Member of the Legislative Council
- In office 1908–1914
- Preceded by: David Robbie
- Succeeded by: Seat abolished
- Constituency: Levuka
- In office 1914–1937
- Preceded by: Seat created
- Succeeded by: Harold Brockett Gibson
- Constituency: Eastern (European)

Nominated Member of the Legislative Council
- In office 1937

Personal details
- Born: 22 February 1872 Levuka, Fiji
- Died: 2 June 1951 (aged 79) Tamavua, Fiji

= John Maynard Hedstrom =

Fijian businessman and politician

Sir John Maynard Hedstrom (22 February 1872 – 2 June 1951) was a Fijian businessman and politician. He served as a member of the Legislative Council for over 30 years. Alongside Robert Crompton, Henry Marks and Henry Milne Scott, he was one of the 'big four' that heavily influenced the Fijian economy and political sphere in the first half of the 20th century.

==Biography==
Maynard Hedstrom was born in Levuka on 22 February 1872, the son of N.S. Hedstrom, a Swedish shipmaster who was employed as a harbour master. He was educated at Suva Public School and Wesley College in Australia, before graduating from the University of Melbourne. After returning to Fiji, he initially worked in the post office in Suva, before going into business, joining the Union Steamship Company and becoming manager of the Levuka branch. He later became a partner in Brown & Joske and was involved in several other companies before founding the Morris Hedstrom firm with Percy Morris in 1898, which went on to become the country's leading retailer. He became President of the Chamber of Commerce in 1924, a position he held for 23 years.
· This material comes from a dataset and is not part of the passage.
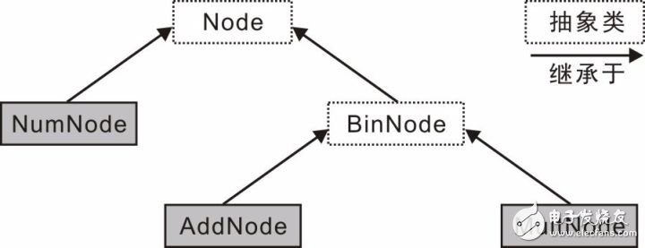如图 4.7所示展示了类的层次性,它们是一种“is-a”的抽象层次结构,子类AddNode和MultNode重新定义了BinNode和Node基类的结构和行为。基类代表了一般化的抽象,子类代表了特殊的抽象。虽然抽象类Node或BinNode不能实例化,只能作为其它类的父类,但NumNode、AddNode和MultNode子类是可以实例化的。Node抽象类的定义如下:

Maynard Hedstrom entered politics in the 1900s, serving as mayor of Levuka in 1905 and 1906. In 1908 he was elected to the Legislative Council in the Levuka constituency, defeating the incumbent David Robbie. He was re-elected in 1911, again defeating Robbie. He became an honorary consul for Sweden on 5 December 1913. Prior to the 1914 elections, the constituency was reorganised and renamed Eastern. Maynard Hedstrom was returned unopposed and held the seat until the 1937 elections; during this time he was returned unopposed again in 1917, after which he became a member of the Executive Council. He was returned unopposed in 1920, 1929, 1932 and only faced opponents in 1923 and 1926, winning easily on both occasions. He did not contest a seat in the 1937 elections, at which point he also left the Executive Council, but was chosen as one of the two nominated European members on the Legislative Council. However, he resigned in December 1937 after a dispute with the Governor.

In the 1922 New Year Honours, Maynard Hedstrom became the first resident of Fiji to be knighted. He was also awarded the Order of the Polar Star by the King of Sweden in 1939 after serving as honorary Vice-Consul for Sweden in Suva. In 1936 American botanist Albert Charles Smith named a genus of flowering plants from Fiji (in the Rubiaceae family) Hedstromia after him.

Maynard Hedstrom married Grace Eastgate in 1895. The couple had five children; three sons and two daughters. Grace died on 2 May 1931. Maynard Hedstrom subsequently married Joyce Beauchamp during the 1930s. He died at his home in the Tamavua area of Suva on 2 June 1951 at the age of 79.